Experienced Analyst Regulatory Affairs - CDMX

At Johnson & Johnson, we believe health is everything. Our strength in healthcare innovation empowers us to build a world where complex diseases are prevented, treated, and cured, where treatments are smarter and less invasive, and solutions are personal. Through our expertise in Innovative Medicine and MedTech, we are uniquely positioned to innovate across the full spectrum of healthcare solutions today to deliver the breakthroughs of tomorrow, and profoundly impact health for humanity.
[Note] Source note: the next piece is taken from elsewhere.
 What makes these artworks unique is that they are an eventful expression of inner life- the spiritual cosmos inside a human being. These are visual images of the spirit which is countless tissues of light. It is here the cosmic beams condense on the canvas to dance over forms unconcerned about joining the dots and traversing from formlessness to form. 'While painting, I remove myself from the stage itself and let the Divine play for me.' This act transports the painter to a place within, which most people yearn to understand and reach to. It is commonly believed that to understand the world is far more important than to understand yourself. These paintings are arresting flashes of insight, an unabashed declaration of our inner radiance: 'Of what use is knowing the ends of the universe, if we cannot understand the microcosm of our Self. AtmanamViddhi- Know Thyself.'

Learn more at https://www.jnj.com

Job Function: Regulatory Affairs Group

Job Sub Function: Regulatory Affairs

Job Category: Professional

All Job Posting Locations: Mexico City, Mexico

Job Description:

About Innovative Medicine

Our expertise in Innovative Medicine is informed and inspired by patients, whose insights fuel our science-based advancements. Visionaries like you work on teams that save lives by developing the medicines of tomorrow.

Join us in developing treatments, finding cures, and pioneering the path from lab to life while championing patients every step of the way.
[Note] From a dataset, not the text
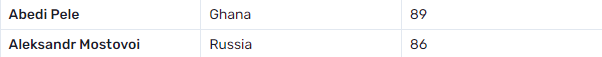 Cái tên được yêu thích nhất chắc chắn sẽ là Wayne Rooney, Van Persie khi lượng fan của hai cầu thủ này là cực đông. Tuy nhiên có một vài trường hợp khá lạ như Cavenaghi ( cực cầu thủ của River Plate ). Hiện danh sách trên vẫn đang có rất nhiều tranh cãi. Những như thường thấy tỷ lệ chính xác gần như đến 80-90%

Learn more at https://www.jnj.com/innovative-medicine

Position summary:

This is a Regulatory Affairs professional with local/regional responsibility. The role purpose is to be responsible for the end-to-end process execution of regulatory lifecycle management (LCM) in Mexico, focused on CMC (Chemistry, Manufacturing and Controls) variations process.

Accountability: Execution of the complete LCM regulatory process related to CMC variations updates. This includes ensuring the accuracy of assessments, dossier preparation, timely submission, and securing approvals, while maintaining compliance with all relevant regulations.
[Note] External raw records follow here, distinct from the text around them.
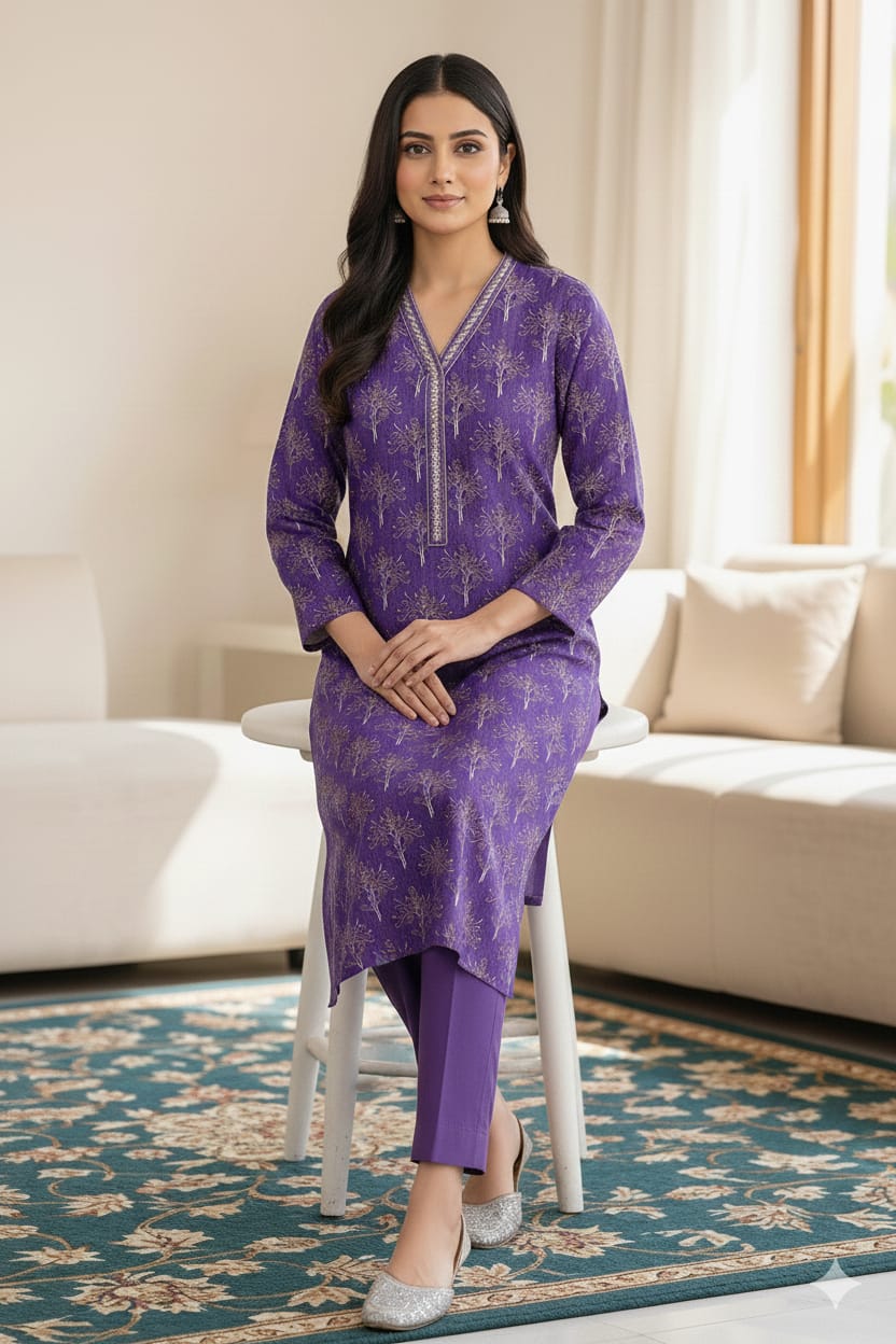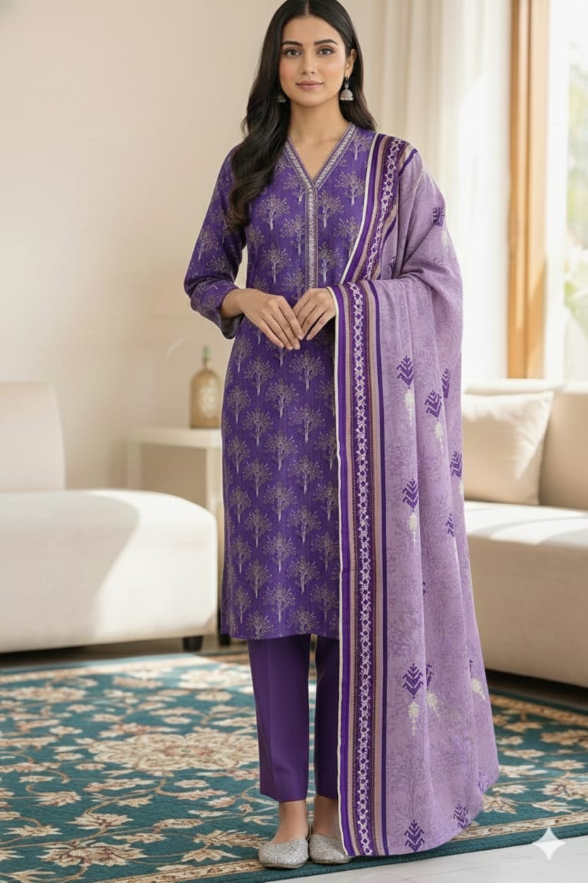 This is a lightweight printed khaddar 3-piece dress in a beautiful deep purple and soft lavender color palette. The shirt is crafted from breathable, lightweight khaddar, making it comfortable for all-day wear. It features an elegant all-over print with subtle traditional motifs, complemented by a neatly designed neckline with fine printed detailing that adds a refined touch. The straight cut of the shirt gives it a graceful and timeless appearance.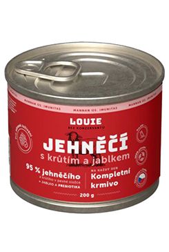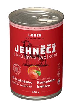 Skladem Louie Dog konz. Jehněčí s krůtím,jablk.prebiotiky 200g PeMi kód: 741239 EAN: 8595174380390 Kompletní krmivo bez obilnin pro psy každého věku i plemene, jehněčí s krůtím a jablkem. Nabízí Vašemu miláčkovi možnost stravy z kvalitního masa (95 % v pevné složce). Pro podporu peristaltiky střev a simulaci minoritní rostlinné složky v potravě psů slouží příměs jablek 40 Kč Do košíku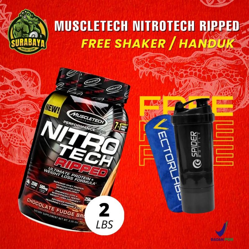 Muscletech Nitrotech ripped 2 Lbs BPOM Nitro Tech Susu Whey Protein Plus Fat Burner Pembakar Lemak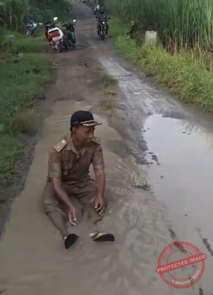 Dalam video tersebut, Narso tampak memperlihatkan kondisi jalan yang berubah menjadi kubangan lumpur dan membahayakan pengguna jalan.

• Prepare submission-ready dossier based on local requirements and J&J standards and procedures.
• Ensure assessment, submission and approval of variations in a timely manner.
• Be first point of contact for LCM with the local Regulatory Affairs colleagues.
• Handle any Health Authority query for LCM submissions with applicable stakeholders.
• Continuous communication, integration and alignment with local team (i.e. RA, Supply, CQ, AW responsible, etc) of the countries in scope.

Interactions with RMC team, Local Teams and global teams.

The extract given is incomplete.